The headline and the lead paragraph in the USDA story are initially encouraging, albeit misleading: “Census of Agriculture shows growing diversity in U.S. farming.” Then, the line of the story boasts that the number of farms in the United States has grown by 4 percent from 2002 to 2007, with the operators of those farms becoming more diverse.
The truth — as it may impact many of you — is there, but it’s buried down farther in the story, below the numbers that show the 2007 census counted 2,204,792 farms in the United States, a net increase of 75,810 farms since the last report.
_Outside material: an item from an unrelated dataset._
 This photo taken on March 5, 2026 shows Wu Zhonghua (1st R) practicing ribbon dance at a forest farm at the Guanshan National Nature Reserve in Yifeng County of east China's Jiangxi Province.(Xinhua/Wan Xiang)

Nearly 300,000 new farms have begun operation since the last census in 2002.
Compared to all farms nationwide, these new farms, states the report, tend to have operators who are more diversified in gender and race, more diversified production, fewer acres, lower sales and younger operators who also work off-farm.
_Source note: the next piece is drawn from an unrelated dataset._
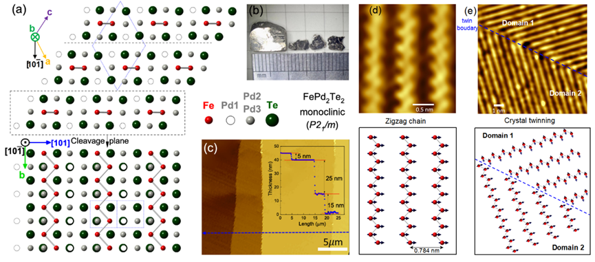 近日,宅宅爱动漫 程鹏副教授课题组发现一种具有全新晶体结构的新型磁性二维材料FePd2Te2,并与程志海教授课题组、中科院强磁场科学中心郑国林研究员团队和衢州学院杨建辉教授合作对其结构与物性进行深入研究,发现FePd2Te2是一个非常少见的具有面内单轴各向异性的二维铁磁金属,并在一种特殊孪晶结构作用下形成了有趣的面内自旋纹理结构。相关研究成果以“FePd2Te2: An Anisotropic Two-Dimensional Ferromagnet with...

The only good part of this news is the diversity — we all can agree that it’s a positive sign that in the past five years, U.S. farm operators have become more demographically diverse. The 2007 Census counted nearly 30 percent more women as principal farm operators. The count of Hispanic operators grew by 10 percent, and the counts of American Indian, Asian and Black farm operators increased as well. And it’s also good that these new farms are not relying so much on one crop.
It’s not good, however, that these new farms have fewer acres, lower sales and more operators who have to work away from the farm. What all of this adds up to is that few of these new “farmers” are making a living at it, and more often than not, their farm work is supported to some extent by an off-the-farm job. Essentially, the majority of the new farms that have come into being since 2002 are small, part-time operations.
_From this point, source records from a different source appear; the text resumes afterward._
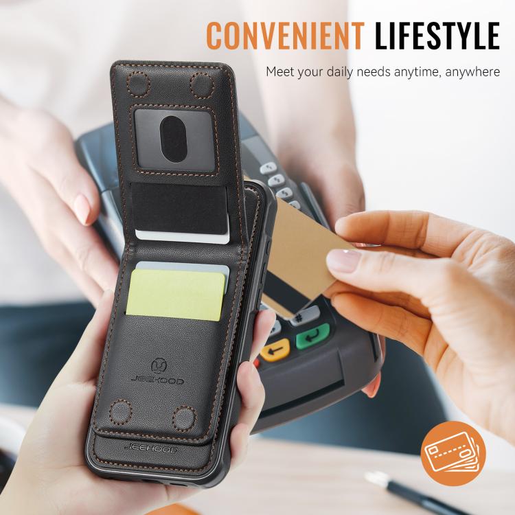 Estuche para teléfono Jeehood J06 para iPhone 15 Pro Max con tarjetero RFID Magsafe (Negro)
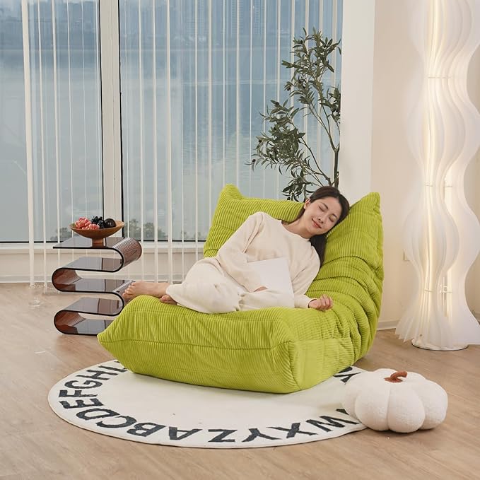 N&V Fireside Chair Mid Century Armless Floor Sofa Corduroy Lounge Chair Foam Accent Chair, Lime
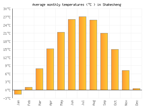 The bar chart below shows the average monthly peak daytime temperatures at Shahecheng

This will sound like a familiar refrain to anyone who has been paying attention to political campaigns in the past year or so, but the middle class is disappearing, especially as it applies to farming. Just as politicians and economists talk about the widening chasm between the very rich and the very poor in this country — with little in between — the same can be said of current trends in American agriculture.
Most farms in America today are either really large or really small. A case in point: about 900,000 of the nation’s 2.2 million farms generated $2,500 or less in sales in 2007. By contrast, 5 percent of total farms — or about 125,000 operations — accounted for 75 percent of agricultural production. In addition, more than 36 percent are classified as residential/lifestyle farms, with sales of less than $250,000 and operators with a primary occupation other than farming. Another 21 percent are retirement farms, which have sales of less than $250,000 and operators who reported they are retired.
According to a recent article in The New York Times, new USDA Secretary Tam Vilsack acknowledges that this is a problem, and he vows to do something about it, including encouraging income opportunities — like energy production, carbon sequestration, conservation and ecotourism — that go beyond the traditional crops and livestock. “You have to take a holistic approach and create the understanding that the whole thing is diversification,” he says.
One thing the census makes clear is that there’s no shortage of farms that could use help. Only 1 million of the 2.2 million American farms reported positive income from agriculture. The remainder relies on non-farm income to cover farm expenses and a rural lifestyle. And the percentage of farmers who had off-the-farm jobs increased to 65 from 55 percent just five years earlier.
One of the justifications for bailing out U.S. industries such as automobile manufacturing is that without it, America will lose a whole way of life, and it will lead to the eventual demise of the middle class. The same can be said for farming, and it’s time we recognized this.